Monday, June 09, 2003

Keyboarding and Penmanship


CNN has a story that asks the question, are keyboards killing cursive penmanship? As one whose own handwriting had atrophied to near illegibility over the years my use of computers to write had increased, I do know keyboards can hinder writing by hand to the extent they displace writing by hand. The hand frequently loses its muscle memory and efficiency for writing cursive and print well.

The CNN story is interesting because it focuses on the use of computers in the third grade of a California school, Horrall Elementary School, where kids reportedly prefer writing on the computer than writing by hand.

"Computers are better," the 9-year-old says, blonde pony tail bobbing behind her. "With typing, you don't have to erase when you make a mistake. You just hit delete, so it's a lot easier."

Such attitudes are worrying to a growing number of parents, educators and historians, who fear that computers are speeding the demise of a uniquely American form of expression. Handwriting experts fear that the wild popularity of e-mail, instant messages and other electronic communication, particularly among kids, could erase cursive within a few decades.

At technology-savvy Horrall Elementary -- where students take keyboard lessons in third grade, precisely when they learn cursive -- Monique's teacher, Ed Boell, is fighting the trend. He refuses to give extra points when students turn in laser-printed homework assignments with fancy computer fonts, and he urges kids to send handwritten letters to parents and friends.

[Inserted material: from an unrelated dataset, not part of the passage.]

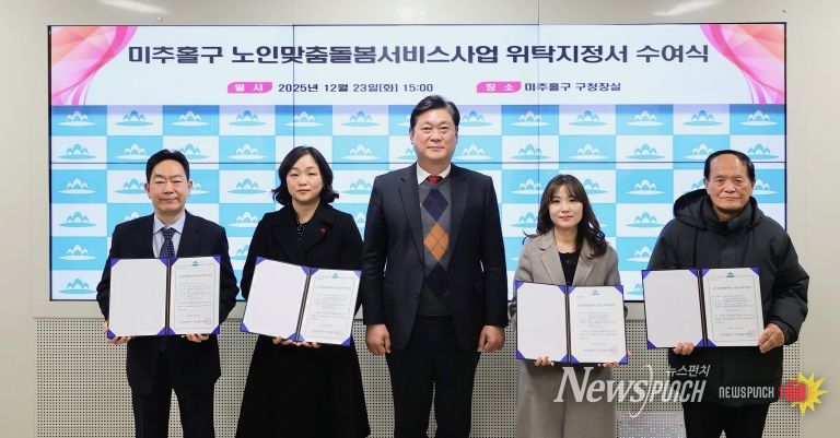 뉴스펀치 김길룡 기자 | 인천 미추홀구는 23일 구청장실에서 ‘노인 맞춤 돌봄서비스 사업 위탁지정서 수여식’을 개최했다.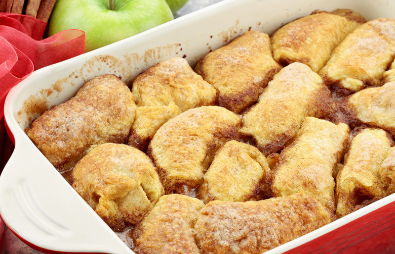 The crescent roll exterior makes these dumplings buttery and flaky. Dip them in caramel sauce or serve them with homemade ice cream for an additional treat.

Now I write online a lot, everyday. Almost all writing I do is online, in this blog, in email, in a word processor. But I find myself agreeing with Ed Boell, and I find myself deliberately "fighting the trend." I've been practicing my handwriting lately, trying to get it not just to be readable, but to be something aesthetically pleasing. I want my handwriting to look well-crafted again, something I haven't thought about or cared about in close to 20 years.

Why? I think in part for nostalgia for a skill I've lost. I have a vivid memory of sitting in the student union at the University of Hartford when I was a student there in the late 70's, writing a letter by hand, going slowly, making it neat. And a woman who was on the janitorial staff happened to glance down as she passed, and she stopped, and told me my handwriting was very beautiful. I hadn't thought about that since the day it happened, but it came back to me a few months ago when I was trying to write a quick note to my daughter's teacher and I had to start over more than once because I kept scrawling too poorly (and there was no backspace key to correct a sentence that started out on one train of thought and then jumped track to another midway through).

I also happened to be cleaning out some old boxes and found some old letters that I'd received at different times from my mother. She's been dead for a few years now, but those letters and the care of her handwriting seemed suddenly evocative and important. More so than a uniform font from an email or word processor would have been. There can be a kind of personality quirk extant in the press of ink, the stroke and slope of letter, to one's handwriting that there cannot be with keyboarded words. It's not an issue of voice, and a way with words, but an issue of what the penmanship itself conveys about the person.

And I think that's worth having, the personality of one's penmanship. So I'm practicing my handwriting again, trying to shape and make it something that expresses me.

I also like writing by hand again because it's a change of pace. It changes how I think, and what I have to do to shape and keep a thought. And I like that mental variety in the ways that I think and plan the writing. I think there's value in that. When I teach again, I might experiment with having students do that, do a draft by hand, all the way through, even to the final draft. Just to see what happens.